All the same, one has to imagine that Pat Pizzella (deputy secretary), Cheryl Stanton (wage and hour administrator), Scott Mugno (assistant secretary of occupational safety and health), and William Beach (commissioner of labor statistics) will all be OK’d on party-line votes when the Republican-majority committee meets Thursday.

What happens after that is far harder to predict.

Some of the same competing priorities that kept the full Senate from voting on these nominees in 2017 remain factors this year. The tax bill’s done, but a DACA fix and government spending negotiations are still poised to delay the confirmation votes into February or later.

Tyrone Richardson and I will be breaking down what that means for agency operations, later this week. 
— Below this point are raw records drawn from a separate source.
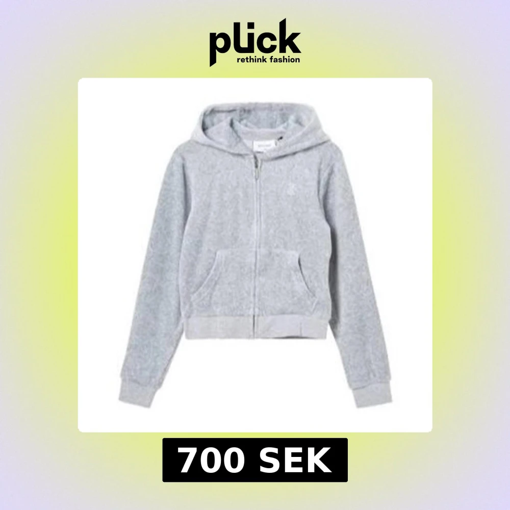 En klassisk ljusgrå hoodie från Juicy med dragkedja framtill och huva. Tröjan har två fickor på magen och ribbade muddar vid ärmslut och nederkant. Pris kan diskuteras.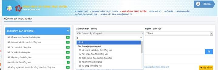 Bước 2: Công dân chọn cấp giải quyết (cấp Sở, cấp huyện, cấp xã), nhập tên thủ tục cần nộp và tiếp hành nộp hồ sơ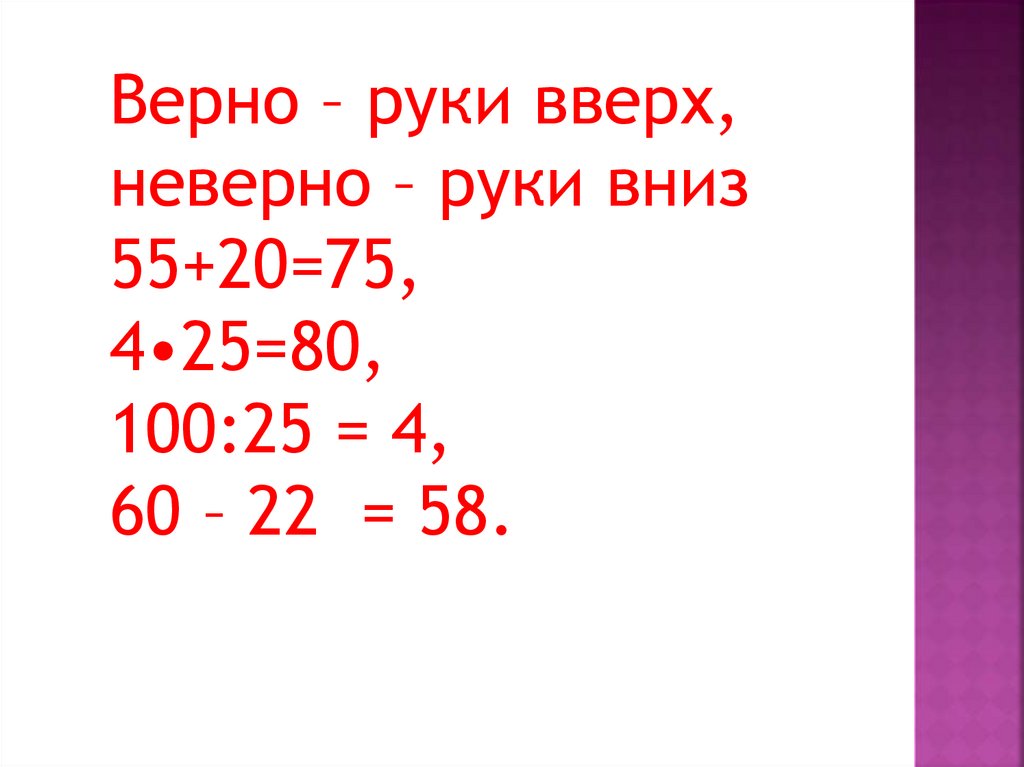 Верно – руки вверх,неверно – руки вниз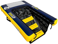 Es una plataforma hinchable que tiene una rampa con tres peldaños que quedan bajo el agua. La rampa tiene dos posiciones para adaptarse al tamaño del perro y está diseñado en azul y amarillo que son los colores que mejor distinguen los perros debido a su visión dicromática.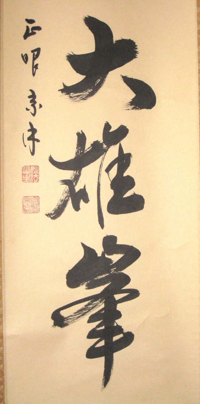 こちらの茶掛 独坐大雄峯は、現妙心寺派 管長 山川宗玄 老師の真筆一行ものでございます。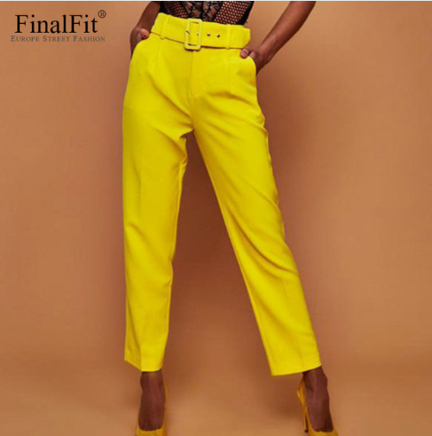 Casual Pants High Waist Autumn Belted Straight Leg Slacks Office Lady Suit Pants Women Trousers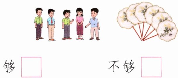 5. (地域特色)苏绣起源于苏州,是四大名绣之一。妈妈去苏州时买了苏绣团扇送给下面的朋友,每人送1把够吗?在$□$里画“√”。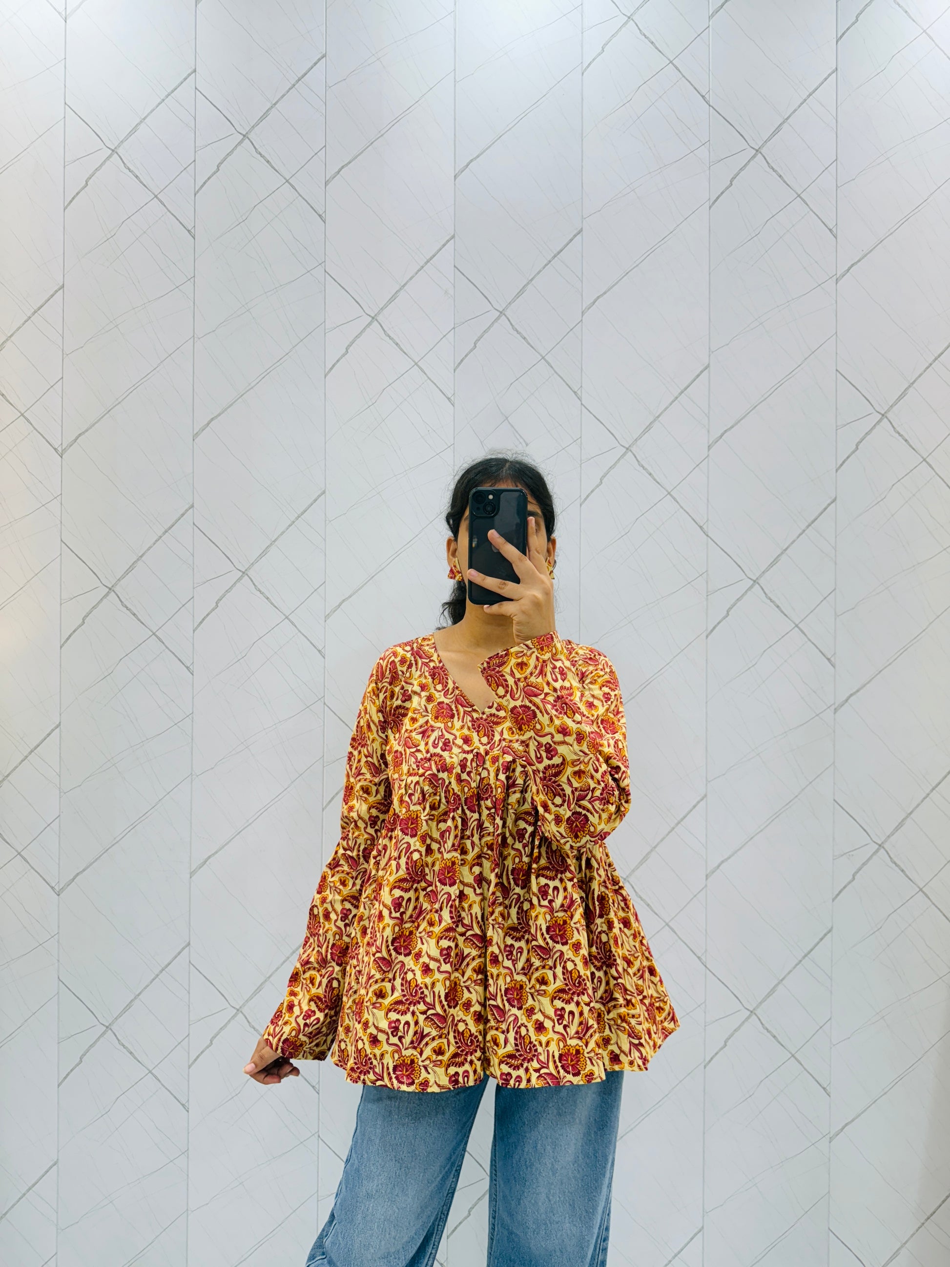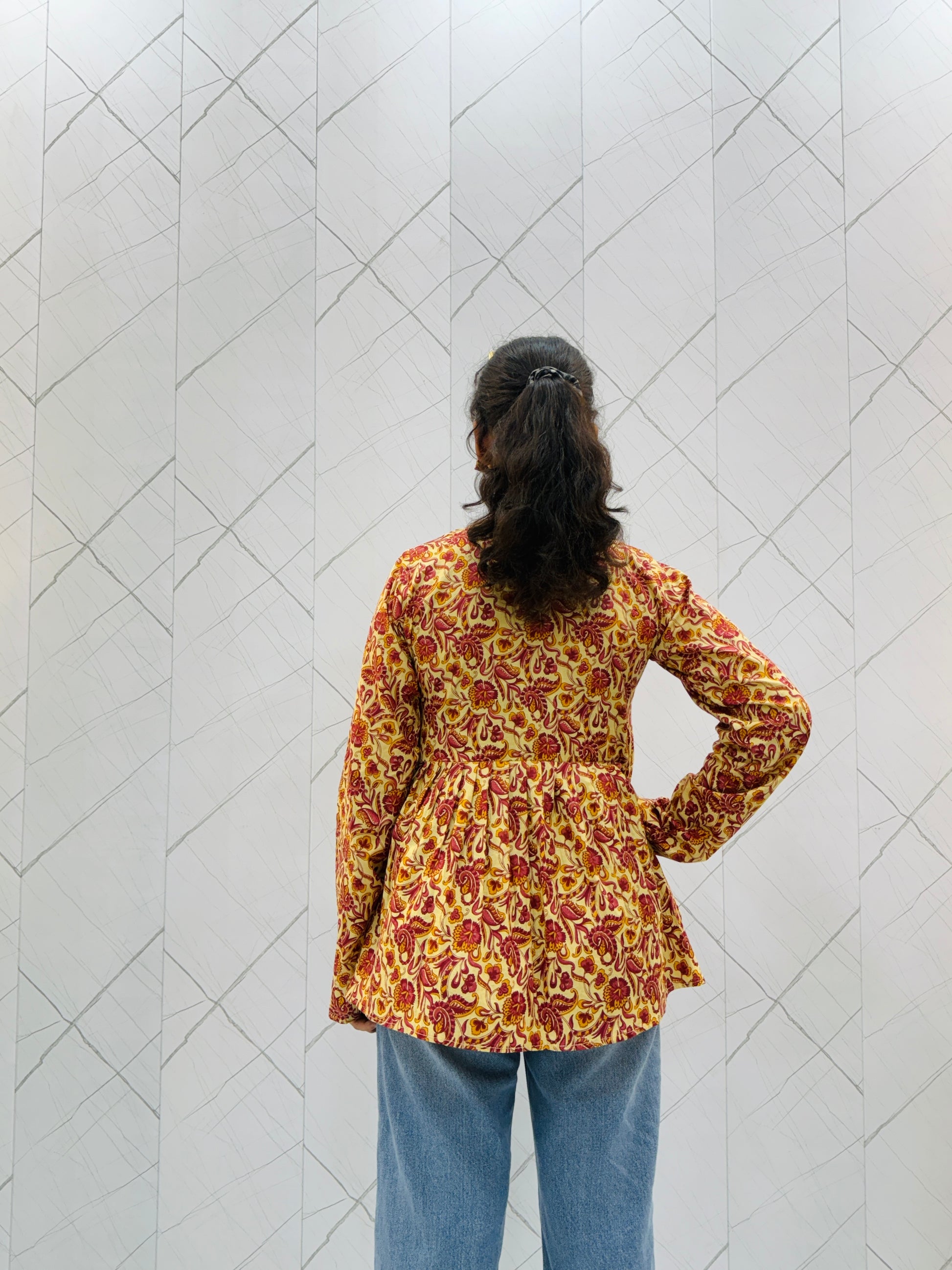 Mustard Yellow Floral Peplum Top

Despite Senate inaction on nominees, Labor Secretary Alex Acosta continues to round out his team with political appointments that don’t require congressional approval.Robert O’Quinn started last week as the DOL’s chief economist, a department spokesman tells Punching In. O’Quinn arrived from the House Ways and Means Committee, where he also held the chief economist title. He has a long background in economics on Capitol Hill and at the Heritage Foundation.

Chris Opfer: Two recent moves by Congress and the Trump administration might make life a bit easier for gig workers. A tax break and health benefits could be on the horizon for Uber and Lyft drivers, Instacart grocery shoppers, and TaskRabbit home repair people, not to mention the millions of workers in more traditional jobs who are also classified as independent contractors.

First, the new tax law allows independent contractors to shave 20 percent off their revenue for tax purposes. The only catch to this “pass through” provision is that the person has to incorporate as an LLC or other type of business.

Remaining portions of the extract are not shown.